Brother of Genghis Khan (1168–1246)

Temüge (Тэмүгэ) (c. 1168–1246) was the youngest brother of Genghis Khan, fourth son of Yesugei.

== Early life ==
The Secret History of the Mongols states that "when Temujin was 9 years of age, Temüge was three years old." As the youngest son, he received a prefix to the name "otchigin" (diminutive form of "отгон" or “otgon” meaning "junior", Also Ot (Fire) Tegin (Junior member of Khan family) as old Turkic), who in the family is always a "guardian of the family and home", and therefore is often referred to as Temüge-otchigin or simply Otchigin. In childhood and adolescence was somewhat spoiled by his mother and older brothers, inclined to luxury, but was "courageous, powerful and quick in battle" that was recognized even by the family's enemies. When the Böö, Kokochu (Teb-Tengri) started dragging the power over the Mongols to his own family, Genghis Khan sanctioned Temüge to kill Kokochu in an orchestrated wrestling match.

== Interim ruler ==
As the youngest male offspring, Temüge and his mother, by Mongol traditions, were allotted the most land and people by Genghis Khan during his coronation. He seems to have been the least warlike of the brothers, and was criticized by Genghis himself as lazy and shiftless. However, Temüge was a skilled politician and capable ruler, who, alongside his mother Hoelun, ruled the Mongol heartland in his elder brothers' absence while they engaged in military campaigns. He appears to have had intellectual leanings, first coming under the influence of the conquered Xia and Jin cultures and then taking an active interest in the other cultures encompassed in the Mongol Empire.

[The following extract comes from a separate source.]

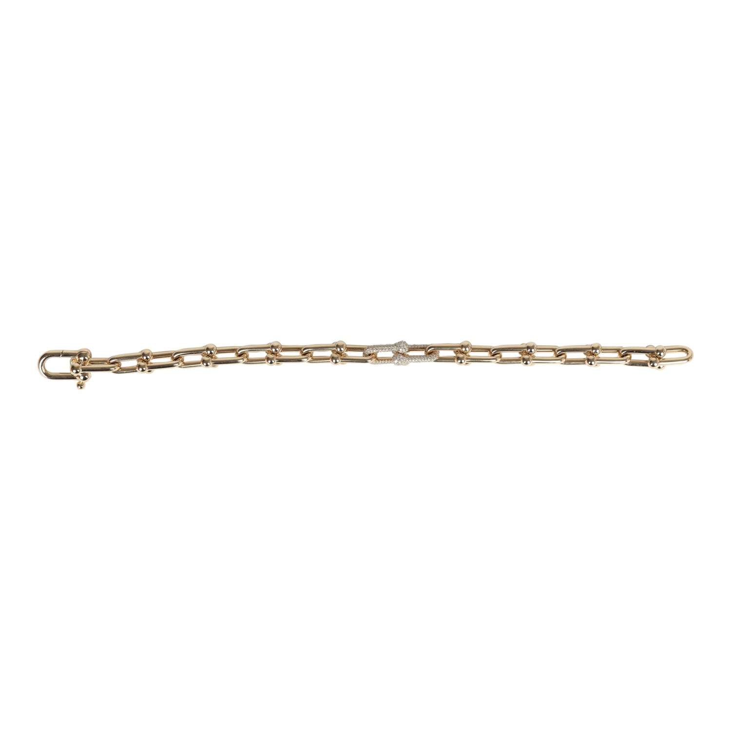 This Tiffany & Co Hardwear Medium Link Bracelet XL is in yellow gold hardware with diamonds, featuring medium sized links, two yellow gold links encrusted in 0.9 ct pavé diamonds, with a total carat weight of 1.39 and has a hook and clasp closure.

Temüge attempted to enter the main political arena after the death of Ögedei Khan, his nephew and son of Genghis Khan, in 1241. At that time, Ogedei's son Güyük Khan was engaged in the "Western campaign" in Russia and Europe. Temüge-otchigin tried to seize the throne, but was prevented by Töregene, Ogedei's widow and Güyük's mother. After the 1246 kurultai elected Güyük as great khan, Temüge was executed.